Hi all,
Firstly, I am a novice in bioinformatics and much of this is very new to me, so I apologize in advanced for potentially asking very obvious questions or leaving out helpful details.
I am attempting to perform WGCNA on a publicly available scRNA-seq dataset (GSE155578). I got as far as performing the blockwisemodules step, when I discovered my genes were segregating in to only two modules. Although PCA did not clearly indicate any batch effects, previous posts suggested that this data could have batch effects, in part influenced by a global expression driver used in the collection of the cells. In reading through the WGCNA literature, they suggest using ComBat-seq for batch correction (a failed run of ComBat-seq I tried identified two batches in the data). This is where my problem begins. ComBat-seq uses a user-defined batch vector to identify and correct effects. As I understand it, this should be a vector indicating which samples are derived from which batches, and I am unsure how to provide a batch vector for a dataset that I did not create (metadata also doesn't provide any batch information either?). Some have suggested utilizing svaseq to determine the batch(es), and use that with ComBat-seq, but I have found limited resources on how to do this. I sincerely appreciate any help on how to overcome this issue.
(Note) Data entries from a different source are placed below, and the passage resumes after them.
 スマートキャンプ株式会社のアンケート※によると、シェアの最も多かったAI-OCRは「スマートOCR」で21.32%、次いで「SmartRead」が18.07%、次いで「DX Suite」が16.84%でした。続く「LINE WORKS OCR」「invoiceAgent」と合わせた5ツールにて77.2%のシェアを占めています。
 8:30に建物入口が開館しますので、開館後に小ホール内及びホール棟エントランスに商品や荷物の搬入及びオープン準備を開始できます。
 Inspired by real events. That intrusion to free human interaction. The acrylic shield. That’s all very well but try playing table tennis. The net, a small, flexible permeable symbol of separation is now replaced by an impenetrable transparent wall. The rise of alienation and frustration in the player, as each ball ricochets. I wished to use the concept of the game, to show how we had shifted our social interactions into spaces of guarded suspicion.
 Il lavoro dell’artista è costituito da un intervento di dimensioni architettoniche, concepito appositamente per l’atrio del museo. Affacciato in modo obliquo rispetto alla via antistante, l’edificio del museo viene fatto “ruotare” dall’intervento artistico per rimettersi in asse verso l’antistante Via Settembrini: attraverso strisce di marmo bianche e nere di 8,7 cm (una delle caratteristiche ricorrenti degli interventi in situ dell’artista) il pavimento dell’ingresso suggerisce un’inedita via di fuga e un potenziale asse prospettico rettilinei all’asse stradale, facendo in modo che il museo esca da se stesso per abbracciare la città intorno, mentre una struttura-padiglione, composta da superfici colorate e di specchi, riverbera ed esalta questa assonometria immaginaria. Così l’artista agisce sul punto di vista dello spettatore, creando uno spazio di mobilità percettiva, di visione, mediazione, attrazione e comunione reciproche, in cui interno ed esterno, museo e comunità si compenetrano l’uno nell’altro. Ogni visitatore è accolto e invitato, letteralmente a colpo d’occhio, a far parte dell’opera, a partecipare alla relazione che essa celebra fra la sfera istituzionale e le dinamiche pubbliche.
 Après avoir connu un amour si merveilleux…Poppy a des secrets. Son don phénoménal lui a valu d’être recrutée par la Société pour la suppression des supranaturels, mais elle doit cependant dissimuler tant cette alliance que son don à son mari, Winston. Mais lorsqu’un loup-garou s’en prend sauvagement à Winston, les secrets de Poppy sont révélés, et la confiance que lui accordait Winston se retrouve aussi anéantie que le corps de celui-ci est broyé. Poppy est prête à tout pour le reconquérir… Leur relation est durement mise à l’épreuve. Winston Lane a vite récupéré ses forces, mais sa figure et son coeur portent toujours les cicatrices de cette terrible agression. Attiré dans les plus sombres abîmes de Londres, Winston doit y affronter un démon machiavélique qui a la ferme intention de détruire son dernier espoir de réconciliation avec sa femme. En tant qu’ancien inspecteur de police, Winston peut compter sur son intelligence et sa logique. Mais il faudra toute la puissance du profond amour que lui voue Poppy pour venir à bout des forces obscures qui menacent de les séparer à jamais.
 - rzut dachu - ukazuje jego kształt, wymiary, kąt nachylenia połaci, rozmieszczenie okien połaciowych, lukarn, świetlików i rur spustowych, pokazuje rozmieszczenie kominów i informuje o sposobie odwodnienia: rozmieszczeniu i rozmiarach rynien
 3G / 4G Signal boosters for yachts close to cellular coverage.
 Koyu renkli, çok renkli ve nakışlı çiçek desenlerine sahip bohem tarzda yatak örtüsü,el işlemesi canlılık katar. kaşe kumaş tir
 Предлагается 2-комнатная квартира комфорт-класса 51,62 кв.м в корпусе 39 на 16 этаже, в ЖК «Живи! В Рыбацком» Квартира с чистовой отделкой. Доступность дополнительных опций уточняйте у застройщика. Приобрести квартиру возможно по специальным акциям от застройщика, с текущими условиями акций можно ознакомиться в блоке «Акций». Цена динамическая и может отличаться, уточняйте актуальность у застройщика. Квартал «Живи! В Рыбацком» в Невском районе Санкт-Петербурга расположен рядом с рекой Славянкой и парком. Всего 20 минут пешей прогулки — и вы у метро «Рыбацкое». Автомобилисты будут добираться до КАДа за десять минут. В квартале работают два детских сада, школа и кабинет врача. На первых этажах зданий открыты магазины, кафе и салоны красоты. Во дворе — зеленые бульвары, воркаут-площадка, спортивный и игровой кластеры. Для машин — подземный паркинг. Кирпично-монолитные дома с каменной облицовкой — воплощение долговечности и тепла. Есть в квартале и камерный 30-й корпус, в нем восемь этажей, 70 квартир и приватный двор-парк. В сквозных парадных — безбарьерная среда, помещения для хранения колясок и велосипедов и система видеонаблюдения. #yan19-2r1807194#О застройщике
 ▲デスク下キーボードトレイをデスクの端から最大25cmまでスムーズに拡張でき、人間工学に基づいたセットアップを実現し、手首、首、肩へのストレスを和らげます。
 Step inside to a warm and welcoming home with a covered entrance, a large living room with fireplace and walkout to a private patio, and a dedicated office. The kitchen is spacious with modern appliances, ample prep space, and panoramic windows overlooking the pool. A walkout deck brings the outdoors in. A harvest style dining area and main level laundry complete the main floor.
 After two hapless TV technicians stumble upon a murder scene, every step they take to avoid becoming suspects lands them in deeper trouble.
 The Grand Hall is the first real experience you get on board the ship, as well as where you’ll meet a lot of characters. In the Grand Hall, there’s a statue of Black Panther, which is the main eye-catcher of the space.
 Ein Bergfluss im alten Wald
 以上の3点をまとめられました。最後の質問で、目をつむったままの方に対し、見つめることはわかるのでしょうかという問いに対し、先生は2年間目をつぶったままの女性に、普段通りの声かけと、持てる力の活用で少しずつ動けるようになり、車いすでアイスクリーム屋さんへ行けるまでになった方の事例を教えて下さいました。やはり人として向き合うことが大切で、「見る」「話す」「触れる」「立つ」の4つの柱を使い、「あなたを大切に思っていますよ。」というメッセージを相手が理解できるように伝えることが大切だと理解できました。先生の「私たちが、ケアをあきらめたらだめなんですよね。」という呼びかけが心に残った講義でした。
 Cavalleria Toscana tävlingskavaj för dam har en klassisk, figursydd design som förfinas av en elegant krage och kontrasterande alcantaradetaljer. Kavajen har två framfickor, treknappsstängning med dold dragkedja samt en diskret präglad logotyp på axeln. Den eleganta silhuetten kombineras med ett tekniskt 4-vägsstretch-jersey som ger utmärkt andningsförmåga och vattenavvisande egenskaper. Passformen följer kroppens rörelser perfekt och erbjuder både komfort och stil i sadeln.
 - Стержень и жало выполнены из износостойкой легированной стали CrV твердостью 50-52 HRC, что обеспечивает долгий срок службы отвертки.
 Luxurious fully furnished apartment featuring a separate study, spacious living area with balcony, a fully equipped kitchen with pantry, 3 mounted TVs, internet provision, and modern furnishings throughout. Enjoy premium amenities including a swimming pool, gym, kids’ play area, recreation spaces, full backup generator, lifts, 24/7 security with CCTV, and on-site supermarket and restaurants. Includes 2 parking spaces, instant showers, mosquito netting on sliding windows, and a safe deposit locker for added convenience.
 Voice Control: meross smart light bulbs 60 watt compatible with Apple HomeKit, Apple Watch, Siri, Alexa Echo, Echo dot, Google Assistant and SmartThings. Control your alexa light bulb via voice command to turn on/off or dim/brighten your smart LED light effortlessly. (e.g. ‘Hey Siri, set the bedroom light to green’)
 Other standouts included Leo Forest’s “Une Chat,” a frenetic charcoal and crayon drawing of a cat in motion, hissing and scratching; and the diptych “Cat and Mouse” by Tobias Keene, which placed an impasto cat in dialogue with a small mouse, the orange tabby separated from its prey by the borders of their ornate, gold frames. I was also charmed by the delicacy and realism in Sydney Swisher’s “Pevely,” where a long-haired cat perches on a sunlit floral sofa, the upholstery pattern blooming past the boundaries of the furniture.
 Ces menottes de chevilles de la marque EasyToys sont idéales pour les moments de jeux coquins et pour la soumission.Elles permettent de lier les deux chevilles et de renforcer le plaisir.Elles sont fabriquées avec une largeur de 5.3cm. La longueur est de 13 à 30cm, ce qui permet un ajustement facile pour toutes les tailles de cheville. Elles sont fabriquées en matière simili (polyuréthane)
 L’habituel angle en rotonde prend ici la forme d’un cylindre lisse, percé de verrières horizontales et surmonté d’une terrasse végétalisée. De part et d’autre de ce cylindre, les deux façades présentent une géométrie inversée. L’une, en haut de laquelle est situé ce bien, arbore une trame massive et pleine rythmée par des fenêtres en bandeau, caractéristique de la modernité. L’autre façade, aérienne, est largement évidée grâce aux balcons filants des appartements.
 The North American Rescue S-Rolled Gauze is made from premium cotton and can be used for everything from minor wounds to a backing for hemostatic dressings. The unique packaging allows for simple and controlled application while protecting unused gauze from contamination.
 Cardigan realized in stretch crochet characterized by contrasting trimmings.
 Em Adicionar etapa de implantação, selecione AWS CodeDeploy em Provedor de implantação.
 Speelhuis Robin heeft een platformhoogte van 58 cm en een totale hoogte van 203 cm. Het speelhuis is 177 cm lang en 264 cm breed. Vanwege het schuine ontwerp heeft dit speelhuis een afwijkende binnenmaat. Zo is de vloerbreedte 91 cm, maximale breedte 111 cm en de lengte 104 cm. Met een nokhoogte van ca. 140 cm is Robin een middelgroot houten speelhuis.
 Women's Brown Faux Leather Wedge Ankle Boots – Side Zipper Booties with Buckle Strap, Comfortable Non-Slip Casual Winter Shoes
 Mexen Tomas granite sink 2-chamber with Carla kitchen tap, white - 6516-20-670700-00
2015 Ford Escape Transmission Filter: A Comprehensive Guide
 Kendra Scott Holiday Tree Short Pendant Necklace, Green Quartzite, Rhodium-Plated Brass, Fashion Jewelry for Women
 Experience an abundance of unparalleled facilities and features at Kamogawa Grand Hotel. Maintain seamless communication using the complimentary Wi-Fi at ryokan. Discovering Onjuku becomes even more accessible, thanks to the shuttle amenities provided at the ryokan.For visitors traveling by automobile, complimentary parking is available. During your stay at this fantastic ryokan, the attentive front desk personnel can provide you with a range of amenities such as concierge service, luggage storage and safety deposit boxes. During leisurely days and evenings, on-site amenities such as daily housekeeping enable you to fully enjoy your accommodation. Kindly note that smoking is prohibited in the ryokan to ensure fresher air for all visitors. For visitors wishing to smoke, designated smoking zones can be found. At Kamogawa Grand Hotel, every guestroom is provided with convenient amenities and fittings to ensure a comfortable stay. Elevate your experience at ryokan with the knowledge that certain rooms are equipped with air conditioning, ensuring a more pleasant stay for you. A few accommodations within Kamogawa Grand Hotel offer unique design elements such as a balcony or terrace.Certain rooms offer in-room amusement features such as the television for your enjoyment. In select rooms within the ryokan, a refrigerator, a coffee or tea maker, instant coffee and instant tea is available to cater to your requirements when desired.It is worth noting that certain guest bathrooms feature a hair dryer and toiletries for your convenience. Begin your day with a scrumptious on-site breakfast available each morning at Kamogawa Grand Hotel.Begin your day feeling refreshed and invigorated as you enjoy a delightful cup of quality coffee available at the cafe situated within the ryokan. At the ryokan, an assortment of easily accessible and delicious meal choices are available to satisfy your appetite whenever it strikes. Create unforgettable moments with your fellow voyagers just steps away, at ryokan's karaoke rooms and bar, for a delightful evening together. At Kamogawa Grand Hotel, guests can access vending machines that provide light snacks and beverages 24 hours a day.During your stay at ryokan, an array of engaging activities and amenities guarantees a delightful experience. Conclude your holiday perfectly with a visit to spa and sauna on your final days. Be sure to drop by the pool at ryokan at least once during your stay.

svaseq determines surrogate variables of variation, not batches in the sense of 'this is batch A, this is B, this is C...'. If you don't see evidence of clear batch effects then I am kot convinced you should blindly correct for it. Is WGCNA good for sparse single-cell, so is there literature references that benchmark this and recommend it? You could also try NMF to find genes that are somewhat correlated in expression space. RcppML has a fast implementation for that.
Thank you for your comment! I will give RcppML a try!
The two indications I had for batch effects came from the clustering of genes into only two modules, and the fact that a preliminary run of ComBat-seq (run failed due to the lack of appropriate batch vector on my part) on this dataset identified the presence of two batches.
I had not previously considered the sparsity of the single-cell data to be an issue. With your help, I found a Seurat function for single-cell WGCNA that takes in to account the sparsity of sc data for WGCNA. In my experience with Seurat in the past, users must input 10x formatted data (separate files for genes, barcodes, and matrices) to create Seurat formatted objects. As this data is not formatted in such a way, what would you suggest? Is there an efficient way to use non-10x formatted data with Seurat? Or is there a way to reformat the data to fit these constraints?